Villanovaforru – Chiesa di Santa Marina
Nel Medioevo molti coloni spagnoli trovarono nella Marmilla una terra di
opportunità. La loro presenza ha lasciato un segno importante, come testimonia il
culto per Santa Marina di Orense a Villanovaforru. Questa sacra figura non è
venerata da nessun’altra parte in Sardegna ma il culto ha larga diffusione in Spagna.

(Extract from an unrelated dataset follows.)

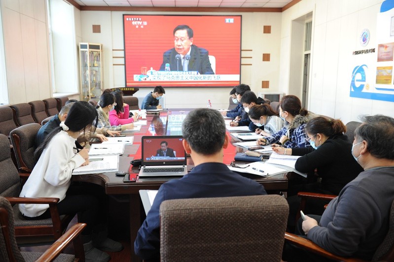 20211112日上午十点,院直机关党支部组织全体党员集中收看了党的十九届六中全会新闻发布会。

La martire galiziana viene festeggiata il lunedì e il martedì dopo la Pasqua e il 16 e 17
luglio. La cerimonia parte con la vestizione della statua che viene poi portata in
processione su un carro ornato trainato dai buoi. Ai piedi della Santa vengono messi
dei cespuglietti di basilico i cui rami vengono presi dai fedeli al termine della messa
in suo onore. La Chiesa di Santa Marina è un edificio in stile romanico che ha subito
diverse aggiunte in epoche successive. Secondo un’epigrafe scolpita nel 1686 il
primo impianto dovrebbe risalire al 1280.
VILLASIMIUS
Frequentata già in età fenicio-punica Villasimius divenne successivamente un centro
romano, come testimoniano le terme di Santa Maria e i reperti trovati. Nel
medioevo l’abitato conobbe lo spopolamento per poi riprendere vigore agli inizi del
XIX secolo.
Museo Archeologico
Il Museo Archeologico ripercorre le vicende storiche del territorio attraverso la
cultura materiale prodotta da chi ha vissuto in passato. Le evidenze raccontano il
ruolo primario che ebbe Capo Carbonara già dall’antichità all’interno dei traffici nel
Mediterraneo. Dagli scavi effettuati nella zona sono emersi reperti che spaziano dal
Neolitico fino all'epoca romana. A quest’ultima appartiene la statua muliebre
databile al I secolo d.C. proveniente da Santa Maria, luogo dove sono state riportate
alla luce le terme. Non mancano anche testimonianze più tarde. Il relitto di una nave
spagnola naufragata nei pressi dell'Isola dei Cavoli e risalente alla prima metà del XV
secolo ha fornito interessanti informazioni dagli studi sul suo carico. È stato così
possibile ricostruire alcuni movimenti che interessavano in quel periodo le rotte
commerciali tra la Spagna e l'Italia Meridionale.